Не успели отойти от трактира и ста шагов, как из темноты вышли и преградили им путь трое, – нестарые крепкие люди в штатской одежде, в шляпах-котелках.
– Прохор Федотов? – спросил тот, что повыше.
– Ну, допустим, – хмуро ответил тот. – Чего надо?
– Пойдёшь с нами, – буднично сообщил второй, крепко беря парня за руку. – Да не балуй, хуже будет. Стой спокойно, я сказал!..
– А ты кто таков будешь? – спросил третий Арсения, подходя ближе.
Тот пожал плечами.
– Да так, вместе работаем. В пивной посидели, идём по домам, а тут вы… А вы вообще кто?
– Полиция, коли не догадался ещё, – сказал высокий, усмехнувшись. И решил: – Тоже с нами пойдёшь. Там разберёмся, что ты за птица. Может, просто работаете вместе. А может, и в одной ячейке состоите…
– А-а, полиция. Так бы сразу и сказали…
И сильно, не раздумывая, ударил кулаком в кадык. Хороший такой удар, жестокий, отточенный в тюремных драках. Сбивает дыхание, ошеломляет до беспамятства. Высокий ещё стоял с прижатыми к горлу руками, хрипя и покачиваясь, словно размышляя, падать или погодить, а уже второй с истошным криком рухнул в грязь, получив не менее жестокий удар, – сапогом в пах. Третий, отскочив, выхватил револьвер, но выстрелить не успел. Согнулся. Завалился набок, кашляя и дёргая ногами. Арсений вытащил нож из пробитого живота, хладнокровно вытер о пиджак раненого и сунул обратно за голенище. Прохор стоял с выпученными глазами, туго соображая, что происходит, – слишком быстро и неожиданно развернулась ситуация. Арсений встряхнул напарника.
– Бежим, чего стоишь?
Бежали долго, сворачивая в улочки потемнее и побезлюднее. Отмахали километра три, прежде чем остановились передохнуть. Тяжело дыша, Арсений вытащил папиросы, протянул Прохору, но тот отмахнулся.
– Что ж теперь делать? – спросил он то ли Арсения, то ли себя.

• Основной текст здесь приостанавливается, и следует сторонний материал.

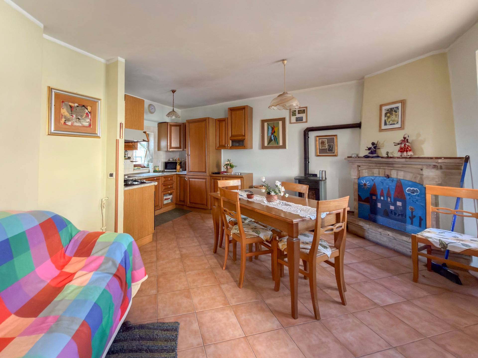 Al piano terra troviamo un accogliente salone con angolo cucina e camino, ideale per vivere la casa in ogni stagione, oltre a un bagno di servizio.

Прислонившись к дереву, Арсений жадно глотал табачный дым.
– А хрен его знает, – откликнулся он. – Ясное дело, домой возвращаться нельзя. Заметут.
– А куда ж тогда? – глуповато спросил Прохор. Не очухался ещё небось.
Арсений сморщился.
– У вас в ячейке все тупые, или ты один такой?
– В к-какой ячейке?!
– Аж заикаться начал… В той самой, о который легавый сказал. Или тебя хотели загрести за кружку пива после смены? Не дури, Прохор. Пошли к твоим… ну, как вы там друг друга зовёте… товарищам, что ли?
– Это ещё зачем?
– Затем, что смываться надо, – тебе и мне. Значит, нужны новые документы и какие-никакие деньги. Пусть помогут. Сегодня же ночью рванём из города, и все дела.
– Но…
– И не говори, что у вас на крайний случай ничего не предусмотрено!
Прохор помолчал, задумался. Хмуро взглянул на Арсения.
– Ну, допустим, – сказал наконец. – Но ты мне сначала вот что объясни… Ты-то зачем в это дело полез? Да ещё кровь шпику пустил? Ну, взяли бы нас обоих, так тебя назавтра бы и выпустили, ни при чём ты здесь. А теперь… Или ты против власти?
– Тебя, дурака, пожалел, – огрызнулся Арсений, отворачиваясь. – Успеешь ещё на каторге нагуляться…
Чушь, конечно. Арсений никогда никого не жалел. Вот власть не любил до ненависти, это правда. При слове «власть» сами собой вспоминались голодные тяжкие годы в колонии, куда парня упёк суд. О том, что другого решения суд принять просто не мог, коль у Арсения на руках отцовская кровь, – об этом он просто не думал. Месть за убийство матери безоговорочно считал справедливой и ни о чём не жалел… вот разве о том, что не может дотянуться до судьи и прокурора, один из которых требовал наказания, а другой приговорил.